> **Task goal**:
From the line that contains "Снимите два винта" to the final line below, both included, print each line exactly and skip the pictures.

Items from a data source:
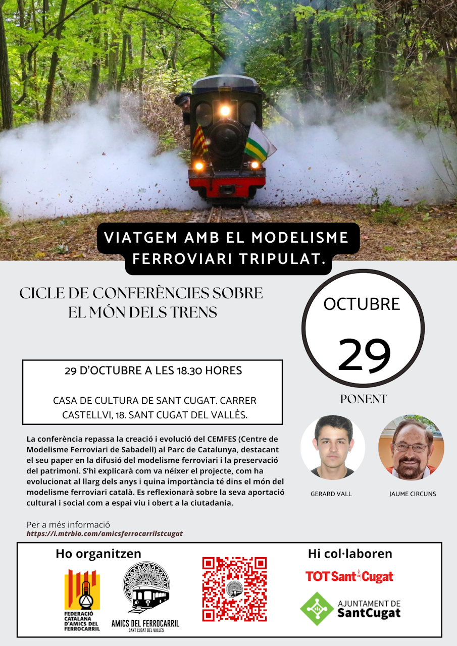 El proper dimecres 29 d’octubre de 2025 a les 18:30 hores es durà a terme una conferència amb el títol “Viatgem amb el Modelisme Ferroviari Tripulat”, a càrrec de Gerard Vall i Jaume Circuns, organitzada per l’Associació d’Amics del Ferrocarril de Sant Cugat del Vallès conjuntament amb la FCAF.
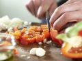 - 2Paprikaschoten vierteln, entkernen, waschen und würfeln. Zwiebeln schälen und fein würfeln, Knoblauch schälen und fein hacken.
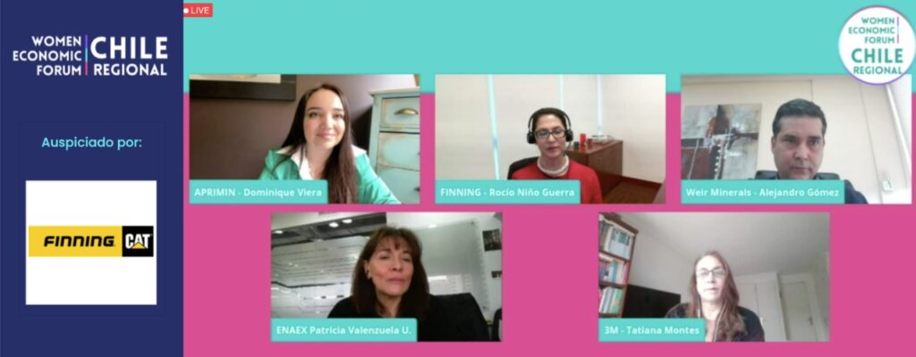 Los panelistas fueron Rocío Niño, vicepresidenta Global DIT&OE Finning; Tatiana Montes, People Relations Leader Cono Sur de 3M; Alejandro Gómez, gerente de Recursos Humanos de Weir Minerals Latam, y Patricia Valenzuela, vicepresidenta corporativa de Recursos Humanos y Sostenibilidad de Enaex.
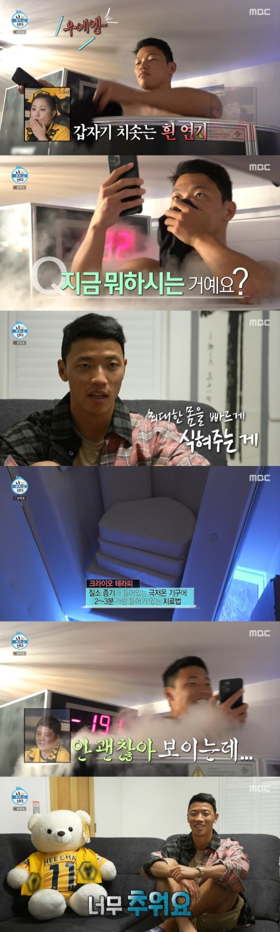 황희찬은 "운동을 한 뒤 최대한 몸을 빠르게 식혀 주는 게 가장 좋은 방법인데, 크라이오 테라피는 3분동안 -190도까지 내려가서 몸을 빠르게 회복시켜 준다"라고 설명했다.
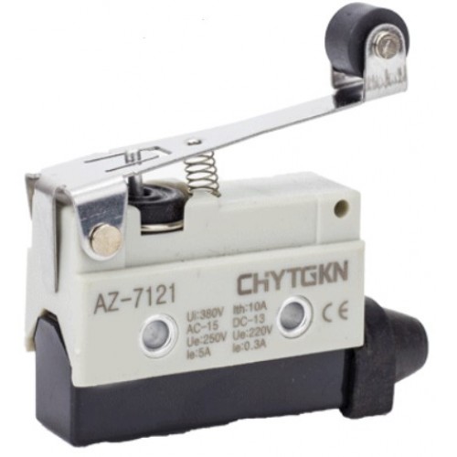 Вимикач шляховий кінцевий (кінцевий) серії AZ-7121 має привід важіль з роликом і спрацьовує при натисканні. Комутує ланцюги до 10 ампер 250 вольт змінного струму і 0,4 ампер 155 вольт постійного струму.
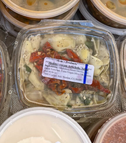 $6.00From: Mom’s Products Size: 6 oz Fresh made artichoke salad with sun dried tomatoes Ingredients: Artichokes, Green Onion, Sun Dried Tomatoes, Extra Virgin Oil, Spices
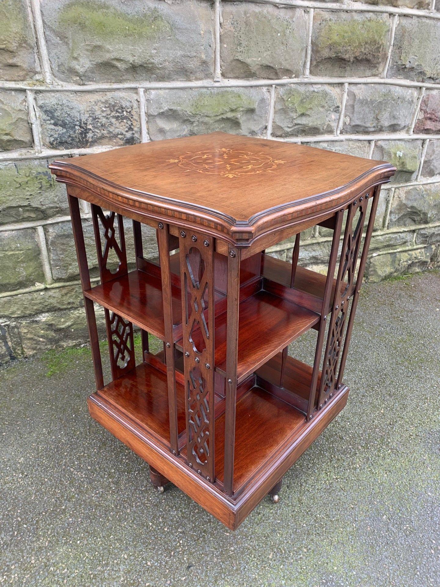 Antique Inlaid Rosewood Revolving Library Bookcase (1 of 11)
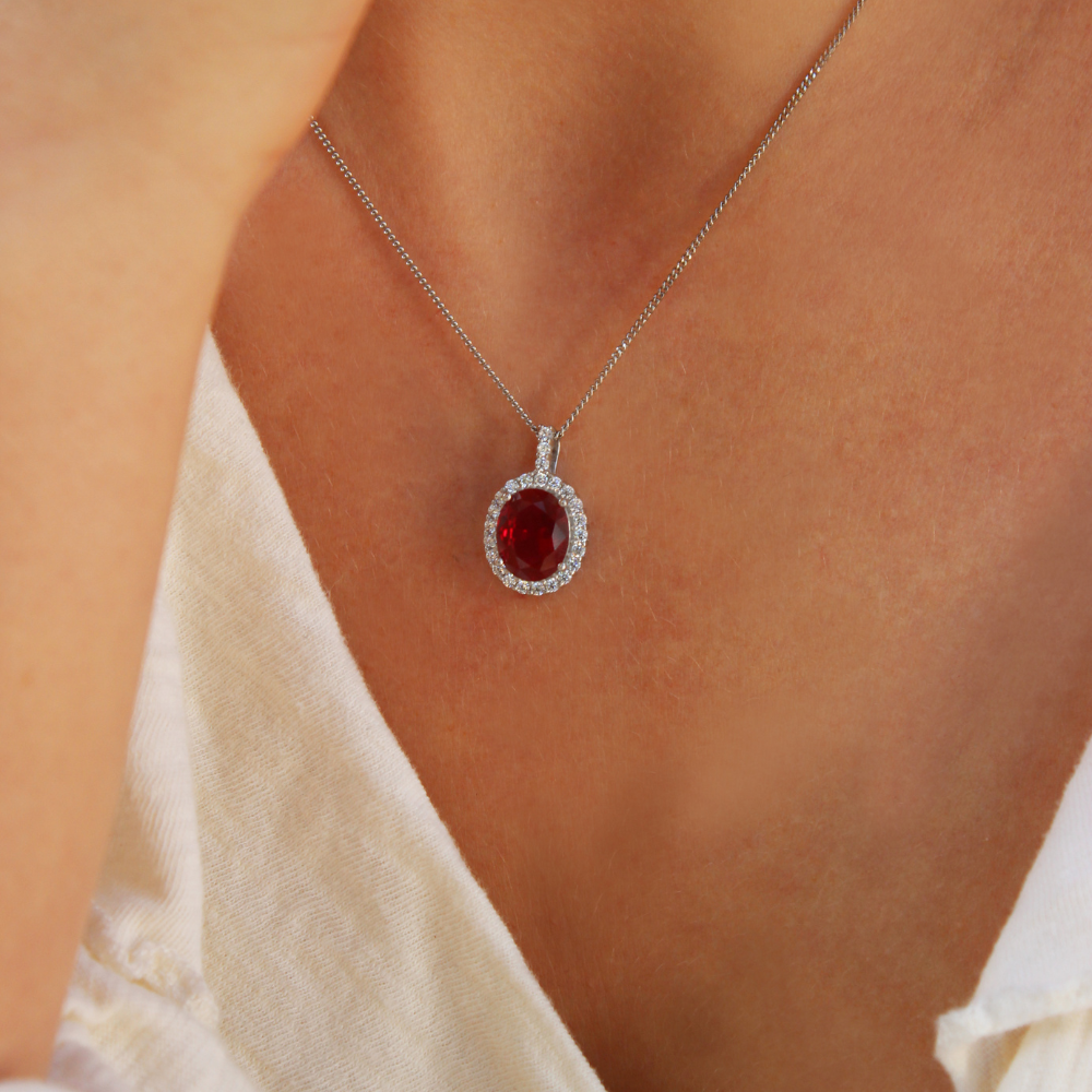 Dazzling, memorable and elegant, our timeless Tru Ruby Cincature Pendant showcases an elegant halo of Tru-Diamonds™ gems framing a 2.5 ct. oval cut Tru Ruby centre gem. Our Tru Ruby Cincature Pendant reflects superior craftsmanship and elegance you’re guaranteed to love.
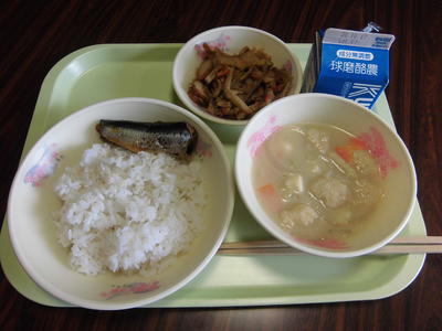 メニュー 麦ごはん、いわしのかぼすレモン煮、豆乳味噌汁、干したけのこのきんぴら、牛乳
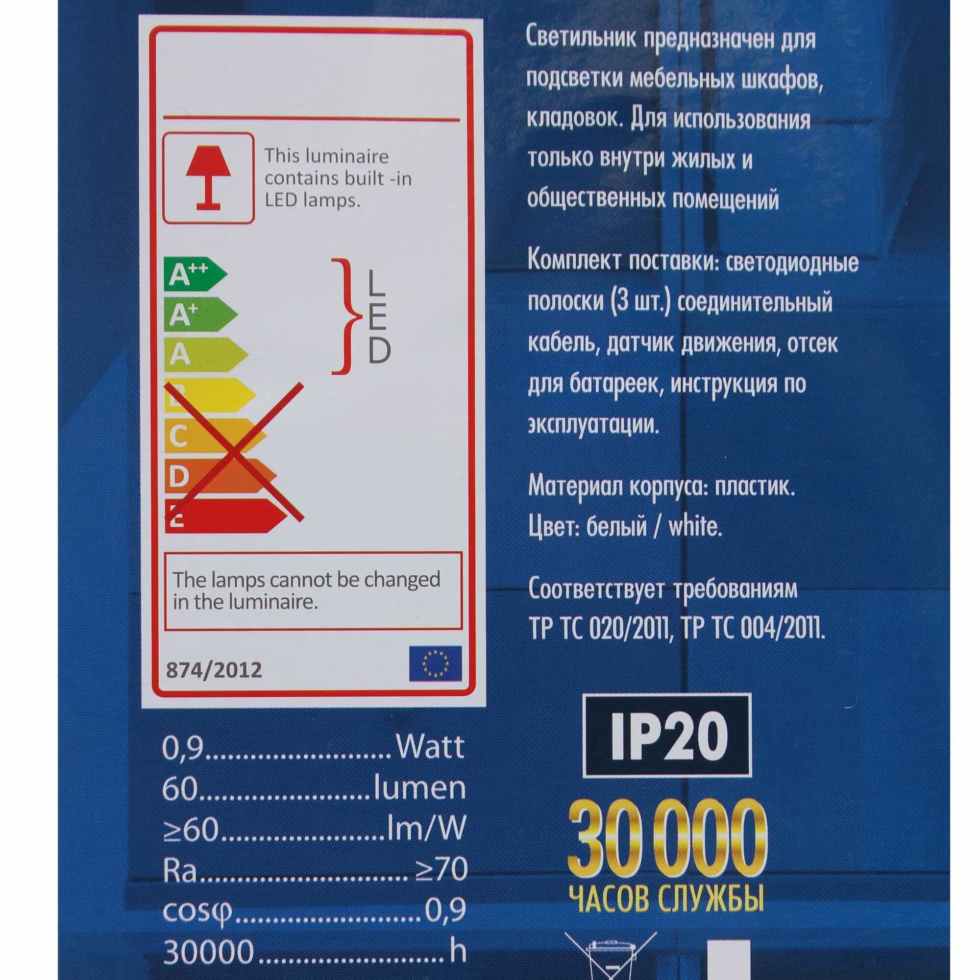 Светильник для мебели светодиод, Uniel, 0.9 Вт, 4200 К, 60 Лм, дат движ., для внутренней подсветки,
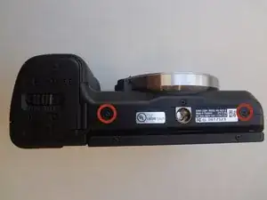 Снимите два винта Phillips #00 длиной 3,5 мм, фиксирующие заднюю крышку — они расположены на нижней части камеры.
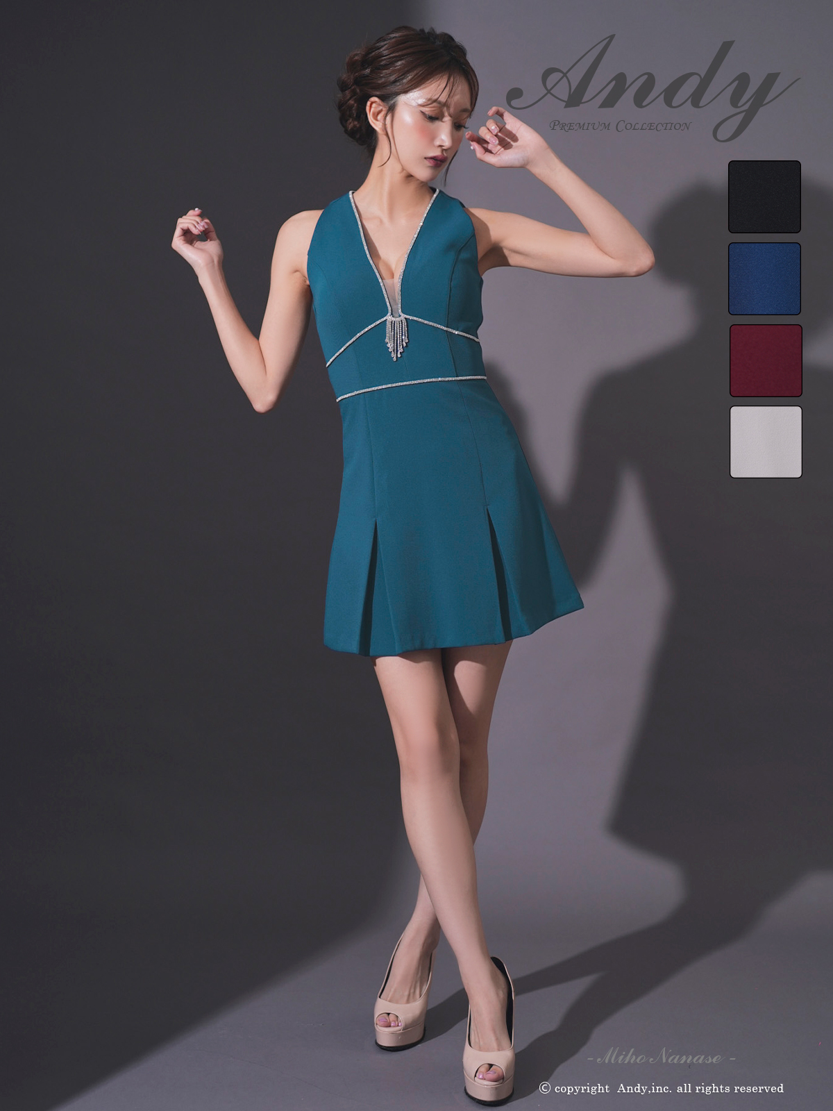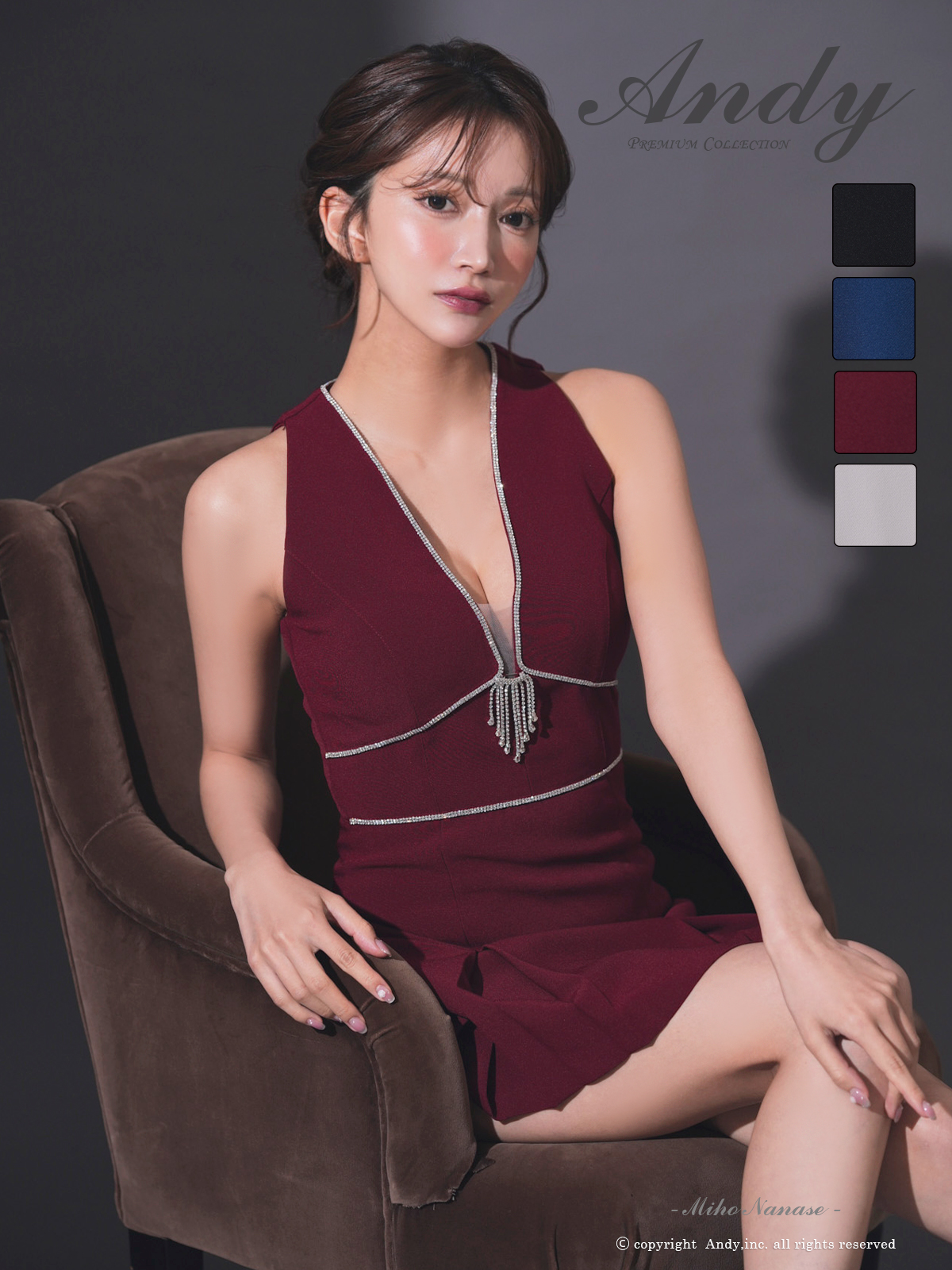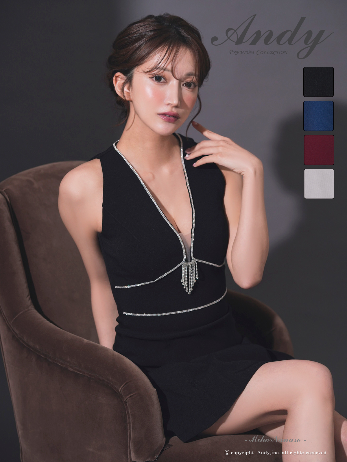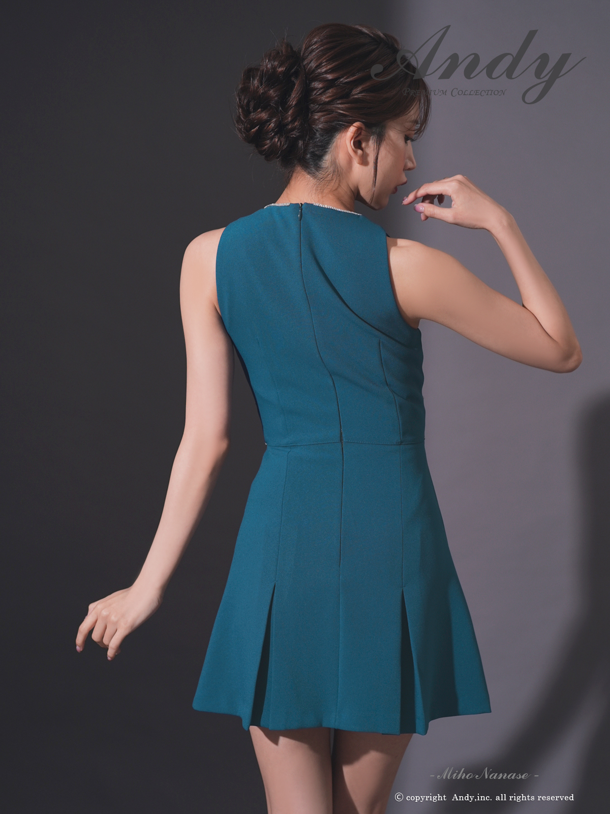 【ANDY/アンディ】大人シンプルなワンカラーに上品に煌めくビジューラインがラグジュアリーなミニドレス♡

> **Task output**:
 Снимите два винта Phillips #00 длиной 3,5 мм, фиксирующие заднюю крышку — они расположены на нижней части камеры.
 【ANDY/アンディ】大人シンプルなワンカラーに上品に煌めくビジューラインがラグジュアリーなミニドレス♡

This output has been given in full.